- The data -
>>>
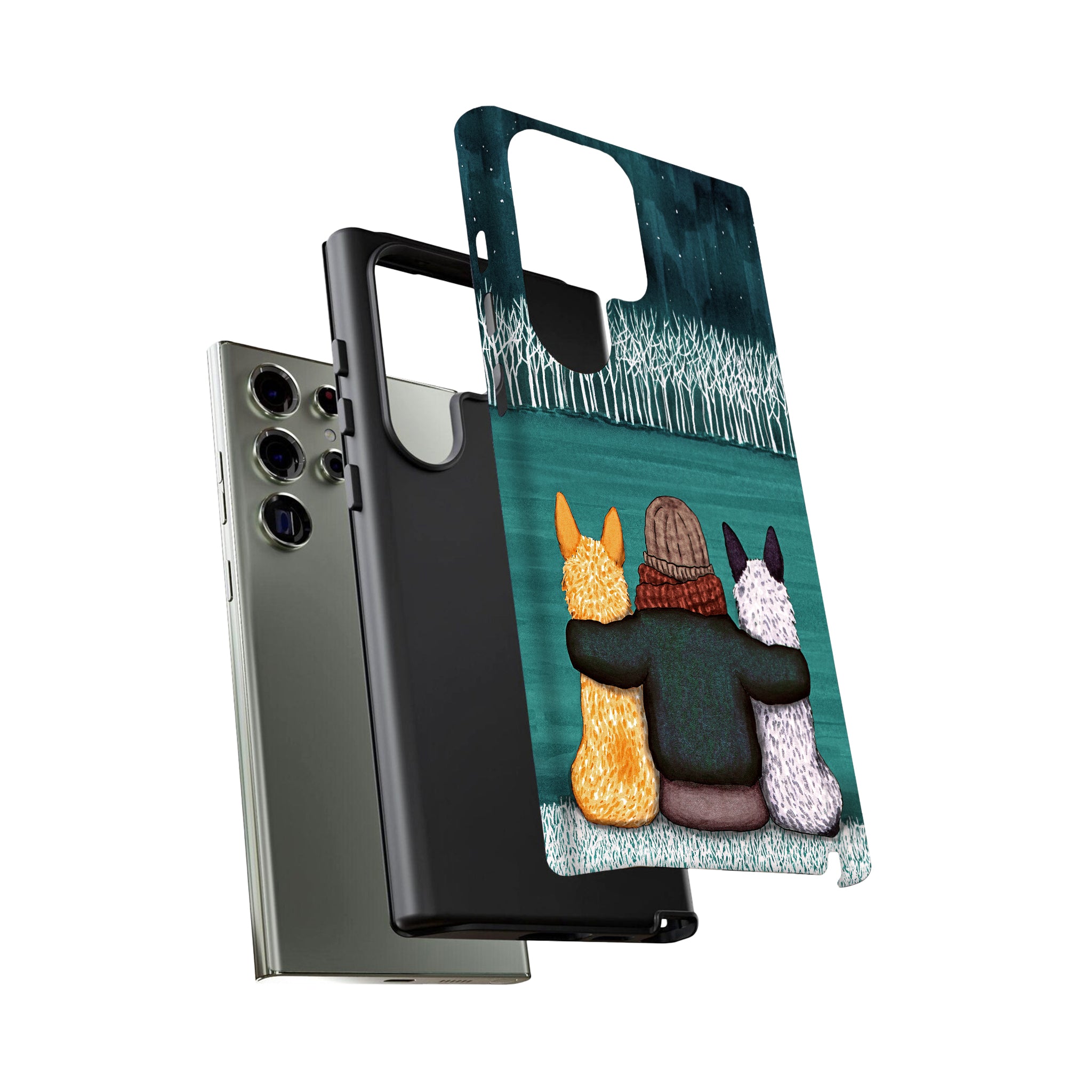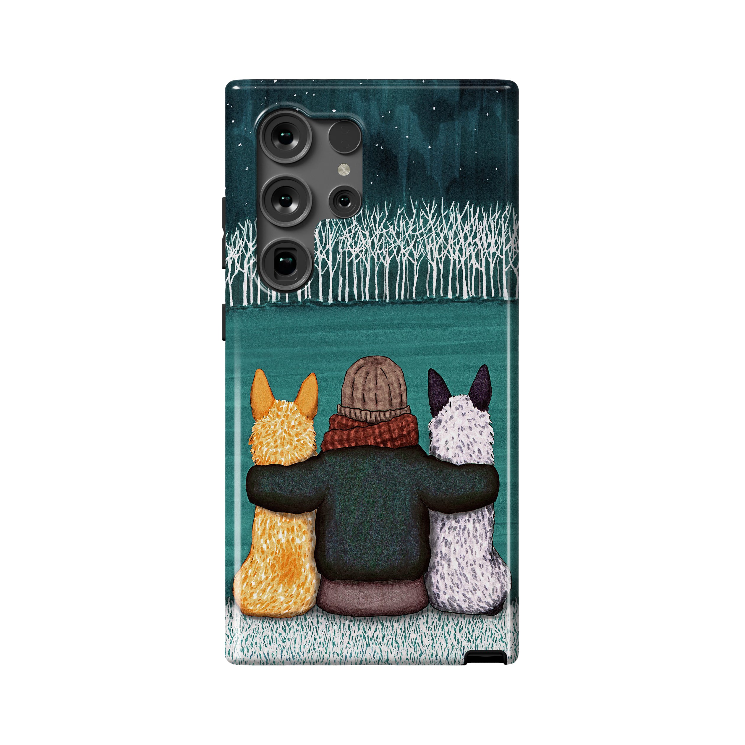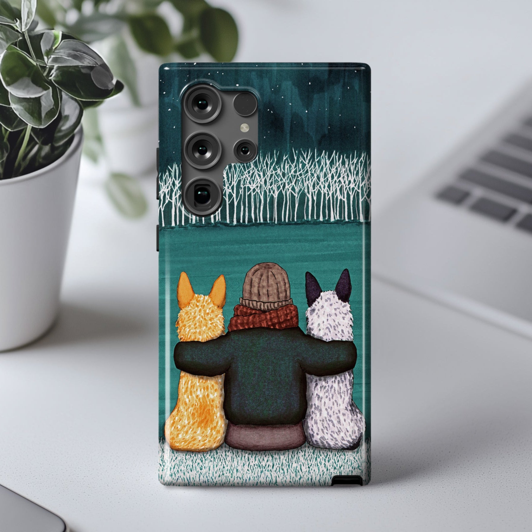 A blue heeler and a red heeler sit on an overlook with their best human.
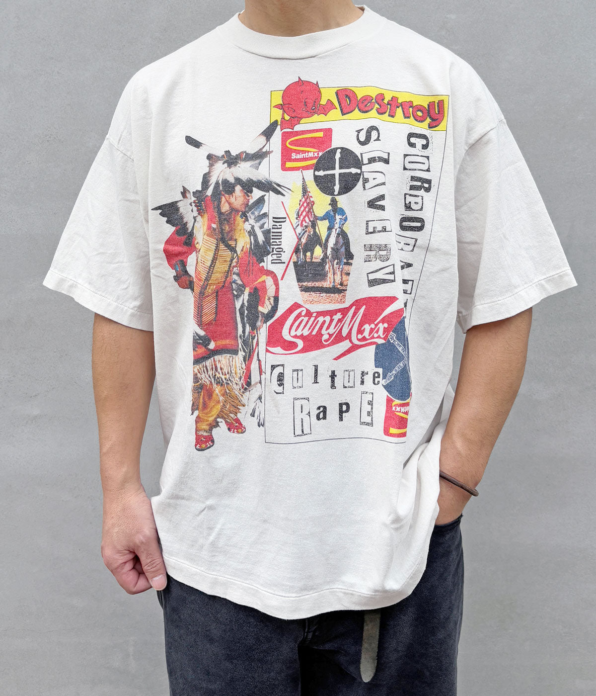 SAINT MICHAELから、JR_SS T-SHIRT/DESTROY/WHITEが入荷しました。©SAINT Mxxxxxxは、Sex Pistolsのコラージュ作品を手がけ、パンクカルチャーの美学を決定づけたアーティスト/グラフィック・デザイナーのJamie Reidとのコラボレーションコレクションを3月20日(祝・金)より発売いたします。本コレクションでは、Jamie Reidの象徴的なアーカイブをもとに、©SAINT Mxxxxxxの代名詞でもあるTシャツへと再構築。代表的なアートワークに加え、©SAINT Mxxxxxxのデザイナーが新たな解釈で特別に手を加えたスペシャルピースも展開します。Jamie Reidのビジュアルに、©SAINT Mxxxxxxが追求してきたリアルなヴィンテージ加工を融合させたラインアップとなっています。
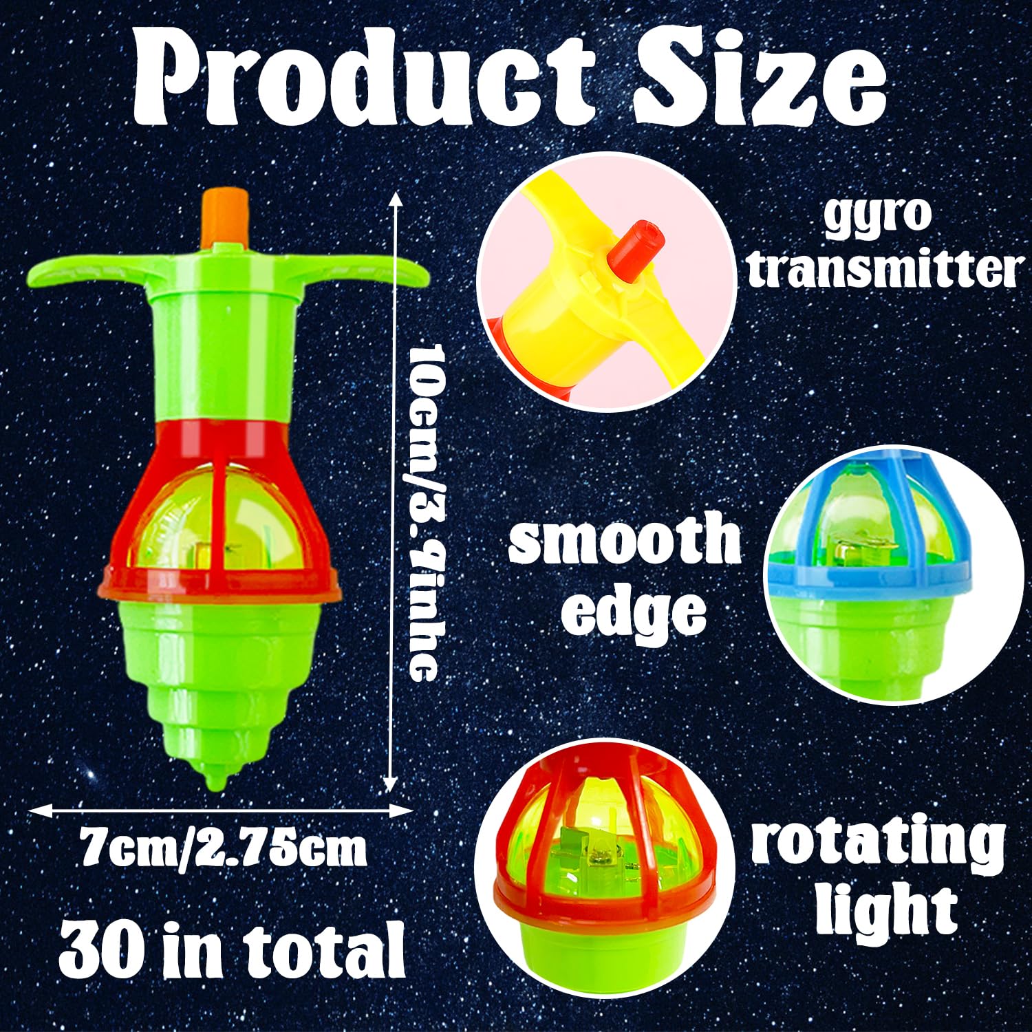 Packaing:Package includes 30 pcs LED light up spinning tops,each gyro has a handle and a gyroscope,small size and easy to hold
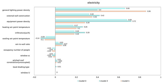 Since different influencing factors tend to affect one another, global sensitivity analysis can effectively reduce the error [33]. The current sensitivity analysis focuses on global sensitivity analysis, which is divided into four methods: regression, screen-based, variance-based [27] and metamodel sensitivity analyses [34]. For the regression methods, Latin hypercube sampling is suitable for a wide range of use cases due to its efficient layering nature. Another commonly used technique in the regression methods is the stepwise method, in which all of the R2 values obtained from the stepwise multiple regression are judged, and the data represent the proportion of energy consumption that can be explained by the influencing factors of the independent variable, such as the R2 value being equal to 0.95, which means that 95% of the change in energy consumption can be explained by the changes in the participating influencing factors [35].
<<<
- Work instruction -
Every line from the one containing "SAINT MICHAELから、JR_SS T-SHIRT/DESTROY/WHITEが入荷しました。©SAINT" through the last line of the listing must be written out again exactly, and no other line. Leave the pictures aside.

- The completed task -
 SAINT MICHAELから、JR_SS T-SHIRT/DESTROY/WHITEが入荷しました。©SAINT Mxxxxxxは、Sex Pistolsのコラージュ作品を手がけ、パンクカルチャーの美学を決定づけたアーティスト/グラフィック・デザイナーのJamie Reidとのコラボレーションコレクションを3月20日(祝・金)より発売いたします。本コレクションでは、Jamie Reidの象徴的なアーカイブをもとに、©SAINT Mxxxxxxの代名詞でもあるTシャツへと再構築。代表的なアートワークに加え、©SAINT Mxxxxxxのデザイナーが新たな解釈で特別に手を加えたスペシャルピースも展開します。Jamie Reidのビジュアルに、©SAINT Mxxxxxxが追求してきたリアルなヴィンテージ加工を融合させたラインアップとなっています。
 Packaing:Package includes 30 pcs LED light up spinning tops,each gyro has a handle and a gyroscope,small size and easy to hold
 Since different influencing factors tend to affect one another, global sensitivity analysis can effectively reduce the error [33]. The current sensitivity analysis focuses on global sensitivity analysis, which is divided into four methods: regression, screen-based, variance-based [27] and metamodel sensitivity analyses [34]. For the regression methods, Latin hypercube sampling is suitable for a wide range of use cases due to its efficient layering nature. Another commonly used technique in the regression methods is the stepwise method, in which all of the R2 values obtained from the stepwise multiple regression are judged, and the data represent the proportion of energy consumption that can be explained by the influencing factors of the independent variable, such as the R2 value being equal to 0.95, which means that 95% of the change in energy consumption can be explained by the changes in the participating influencing factors [35].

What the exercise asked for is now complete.